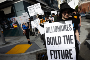 加州正在醞釀一次性5%億萬富翁稅,2月8日,San Francisco就有一場支持加州億萬富翁的反富翁稅遊行。
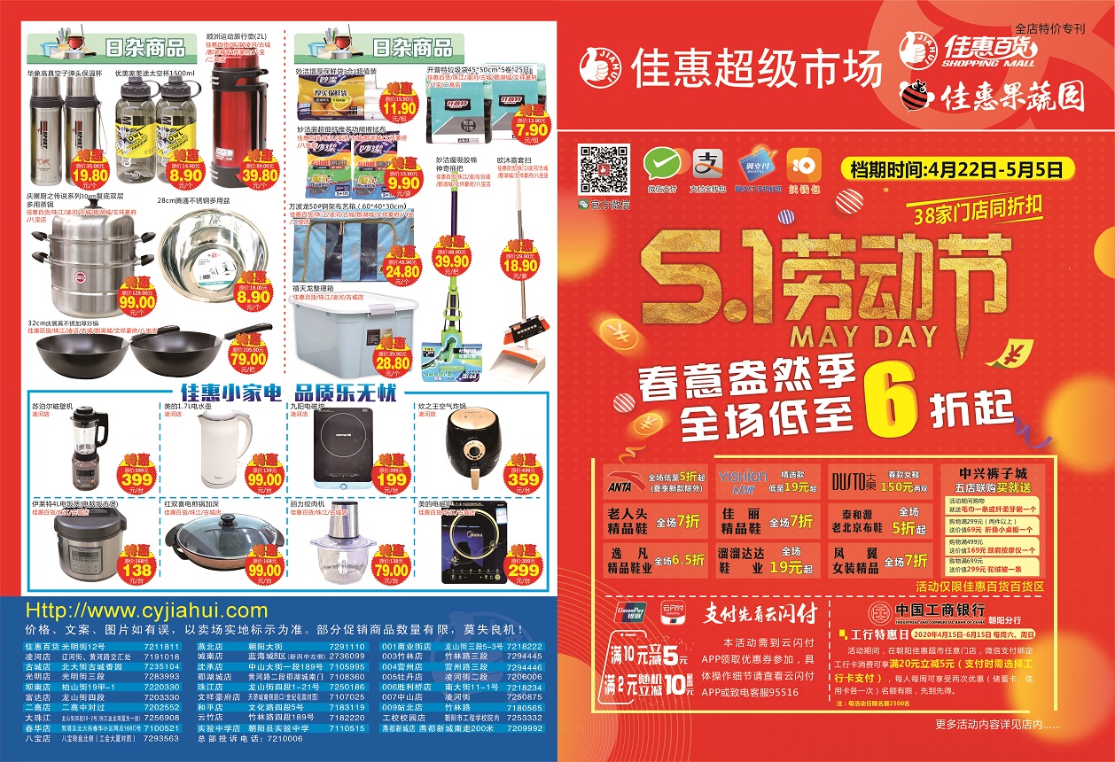 ◎朝陽佳惠超市有限公司 ◎電話:0421-7210006/7206776 ◎地址:朝陽市雙塔區(qū)光明街2段12號 ◎
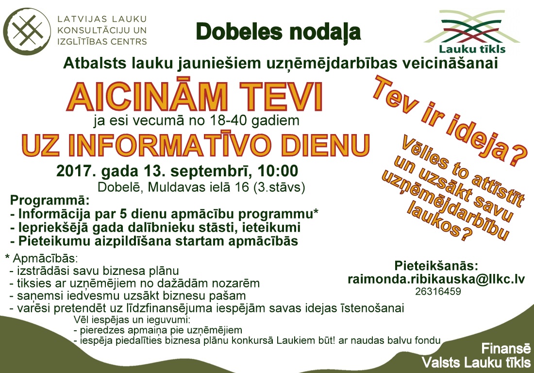 Aicināti jaunieši vecumā no 18-40 gadiem, kuri vēlas uzsākt vai attīstīt savu uzņēmējdarbību.
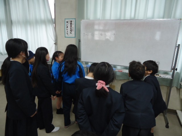 今日は、たて割り班で遊ぶ「ふれあい遊び」をしました。

TRY IT – Write out the listing above again, exactly, but with no pictures in the copy.

RESPONSE TO THIS TASK –
 加州正在醞釀一次性5%億萬富翁稅,2月8日,San Francisco就有一場支持加州億萬富翁的反富翁稅遊行。
 ◎朝陽佳惠超市有限公司 ◎電話:0421-7210006/7206776 ◎地址:朝陽市雙塔區(qū)光明街2段12號 ◎
 Aicināti jaunieši vecumā no 18-40 gadiem, kuri vēlas uzsākt vai attīstīt savu uzņēmējdarbību.
 今日は、たて割り班で遊ぶ「ふれあい遊び」をしました。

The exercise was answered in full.